I have been anticipating the release of James Harding and John Rouse's anthology for some time. Although a number of superior book-length studies on the theatrical and performative avant-gardes have come out recently (notably those by Frantisek Deak, Arnold Aronson, Christopher Innes, Sarah Bay-Cheng, David Graver, Martin Puchner, Rebecca Schneider, and Henry Sayre), none of them reflects adequately on the historiographical assumptions of avant-garde studies itself. Certainly, such reflection is going on outside theatre and performance studies, as evidenced in work by Paul Mann, Walter Kalaidjian, Barrett Watten, Hal Foster, and Rosalind Krauss. As is made clear in the two rigorously argued introductory essays to this collection, it is not only past time for vanguard theatre studies to catch up with the rest of the field; the fact is, the field is sorely in need of its theatre and performance scholars. As Harding and Rouse argue, the systemic antitheatrical and antiperformance bias of avant-garde studies is in fact hampering that field's critical and historiographical development. The essays in this anthology aim to change that, enabling what Harding and Rouse call "a decentered and nonlinear notion of the histories of the avant-garde(s)" in which theatre and performance histories play a significant, perhaps even central role (11). Three cheers!

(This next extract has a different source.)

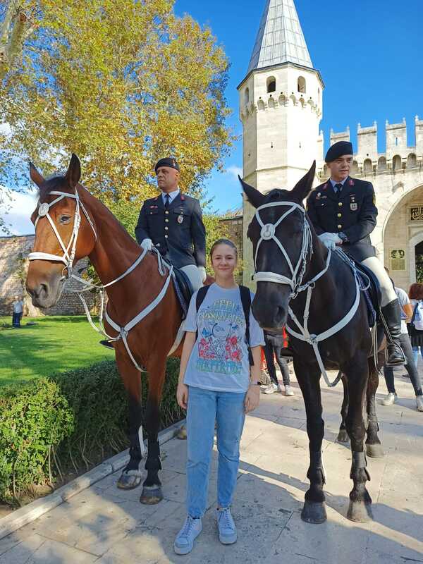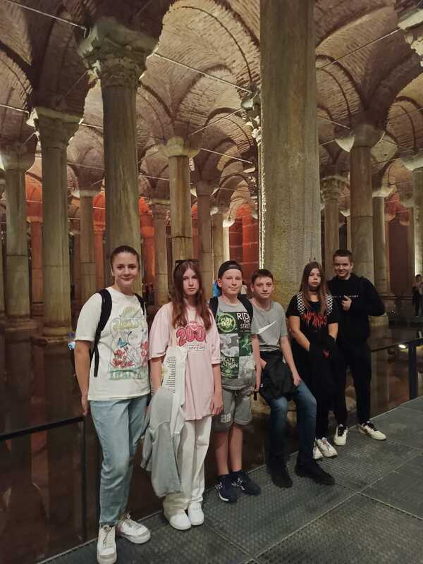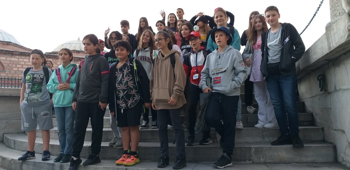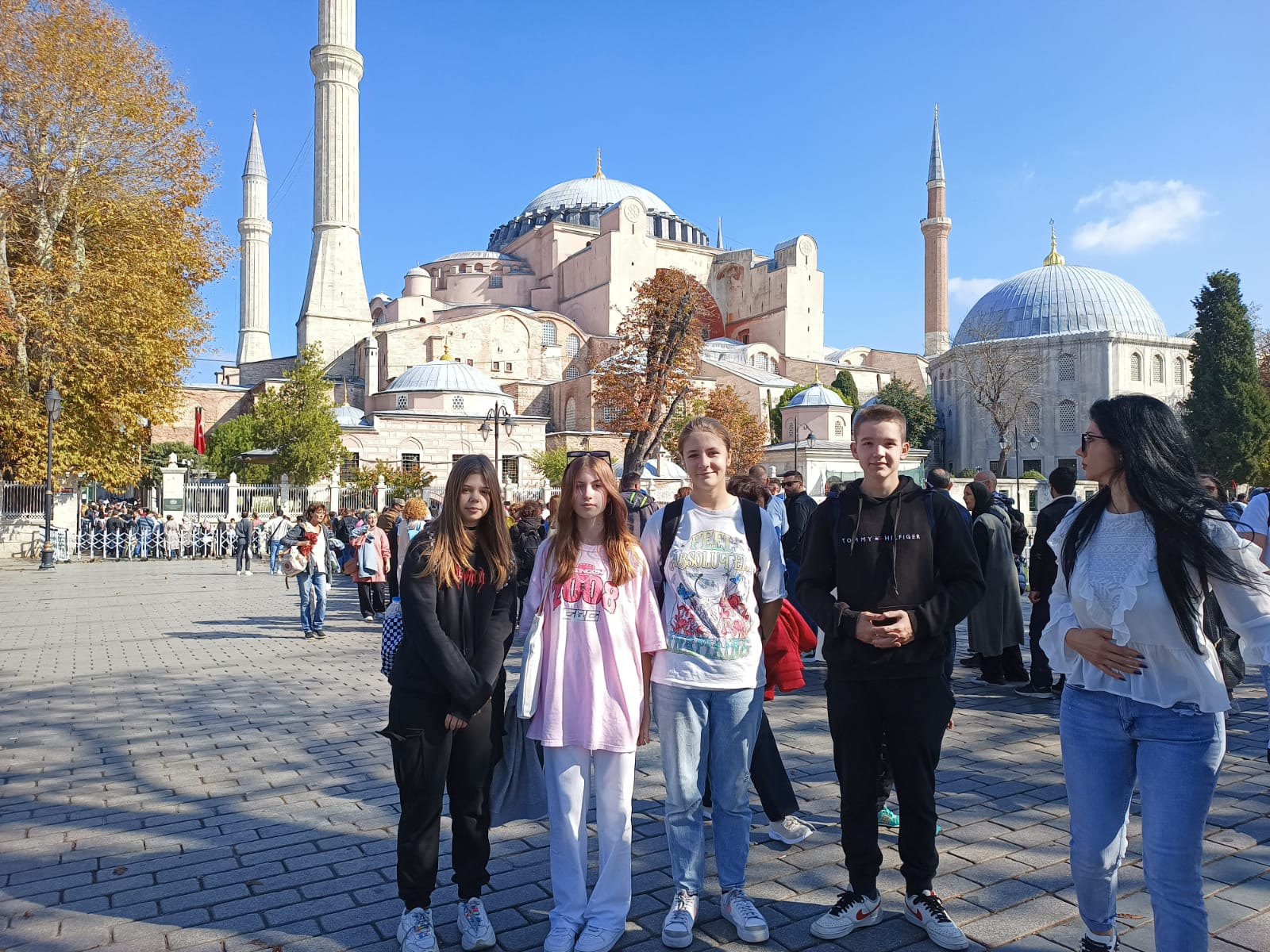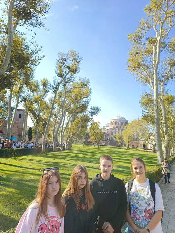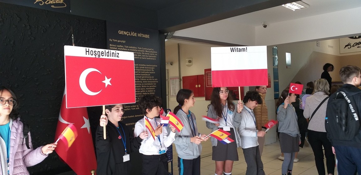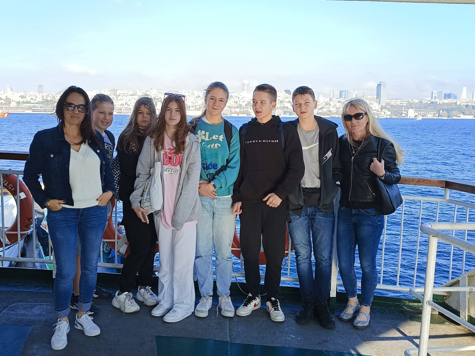 W dniach 24 - 28 października 2022 r. sześcioro uczniów naszej szkoły wraz z nauczycielami wzięło udział w wymianie partnerskiej w Turcji, w ramach projektu Erasmus + „European Makerspace Network”. W wymianie brali również udział przedstawiciele szkół z Hiszpanii i Chorwacji. Pierwszy dzień pobytu to uroczyste powitanie gości, połączone z programem artystycznym, zwiedzanie szkoły oraz prezentacje szkół i krajów uczestniczących w projekcie. Po oficjalnej części odbyły się warsztaty plastyczne, mające na celu integrację młodzieży, pobudzenie kreatywności i lepszą komunikację rówieśniczą. Drugi dzień to całodzienna wycieczka do polskiej wioski pod Stambułem – Polonezkoy, która została założona przez Polaków dla Polaków. Wieś znajduje się po azjatyckiej części Bosforu. Na niewielkim obszarze porośniętym drzewami znajdują się domki mieszkańców, kościół katolicki, a także cmentarz, na którym przeważają tablice z polskimi nazwiskami. Jest tablica poświęcona Mickiewiczowi, hotel o nazwie Polka, dom pamięci Cioci Zosi. Obok wioski znajduje się rezerwat przyrody, do którego wybraliśmy się na krótki spacer. Po wspólnym lunchu dzieci spędzały czas przy grach i zabawach na świeżym powietrzu. W kolejnym dniu były warsztaty z robotyki Lego Spike Prime. Pierwsze zadanie polegało na zbudowaniu według instrukcji, robota – rowerzystę, a następnie na zaprogramowaniu go według własnego pomysłu. Nasi uczniowie zaprogramowali robota tak, by jeździł do przodu i do tyłu, reagując na sygnalizację świetlną – zatrzymując się na czerwonym świetle i ruszając na zielonym. Wszyscy uczniowie ucząc się świetnie się bawili. Oprócz komunikacji w języku angielskim, uczniowie doskonalili swoje umiejętności informatyczne, w tym programowanie w języku wizualnym, podobnym do języka Scratch. Kolejny dzień wizyty to całodzienna wycieczka do historycznej części Stambułu. Zwiedziliśmy pałac Topkapi, w którym znajdowała się rezydencja sułtanów. Pałac Topkapı to nie jedna budowla, a cały kompleks budynków, pawilonów i ogrodów. W pomieszczeniach kompleksu można było zobaczyć m. in. ekspozycję ceramiki i porcelany, naczyń i sprzętów kuchennych do gotowania i serwowania potraw, broń i zbroi, jakiej używano do walk. Kolejnym punktem programu była wycieczka do Cysterny Bazyliki. To podziemna komnata, z zanurzonymi w wodzie marmurowymi kolumnami, której celem było magazynowanie wody dla mieszkańców w czasach bizantyjskich i osmańskich. Na zakończenie wycieczki udaliśmy się na zwiedzanie Wielkiego Bazaru, połączone z zakupem pamiątek i tradycyjnych tureckich smakołyków. Ostatni dzień wymiany to uroczystość wręczenia certyfikatów wszystkim osobom uczestniczącym w projekcie. To również akademia z okazji Dnia Republiki Turcji, połączona z występami artystycznymi. Po jej zakończeniu uczniowie odbyli rejs statkiem po Bosforze, a popołudnie spędzili wraz z rodzinami goszczącymi. Dla wszystkich uczestników projektu pobyt w Turcji był doskonałą okazją do poznania niezwykle bogatej historii i kultury tego kraju, doskonalenia umiejętności językowych, a także zdobycia wiedzy z zakresu kodowania. "Było to cudowne doświadczenie i wielka przygoda, która pozostanie nam na długo w pamięci " - tak wizytę podsumowała Olga, jedna z uczestniczek projektu.

The essays in this book explore this historical plurality with rigor and critical-theoretical aplomb. They are uniformly excellent, providing thick descriptions of the practice, theory, and "discursive environment" in which diverse theatrical vanguards have functioned in the twentieth century. Moreover, though seriously engaged in self-critical reflection, the essays never lose themselves in jargon or fail to situate theoretical issues in historical context. In other words, we see here a balance of the theoretical and the theatre-historical that, to my mind, embodies the very best possibilities of our discipline. The range of coverage here is admirable: essays address Africa (Joachim Fiebach surveying the sub-Saharan and John Conteh-Morgan the Francophone parts of the continent), African America (Harry Elam, Jr. on the Black Arts Movement), the Middle East (Marvin Carlson), Mexico (Adam Versényi), Argentina (Jean Graham-Jones), India (Sudipto Chatterjee), Japan (Peter Eckersall and David G. Goodman), and, in a welcome divergence from the regionalist / nationalist focus of the collection, there is Hannah Higgins's study of three kinds of transnationalisms in the Fluxus collective. Of course, one wishes for more regions and cross-regional studies, but the hope of the editors is that the necessary limits of the collection "will cultivate a critical reassessment of the place that studies of performance hold in enlarging our understanding of the histories of the avant-gardes in a global context" (16).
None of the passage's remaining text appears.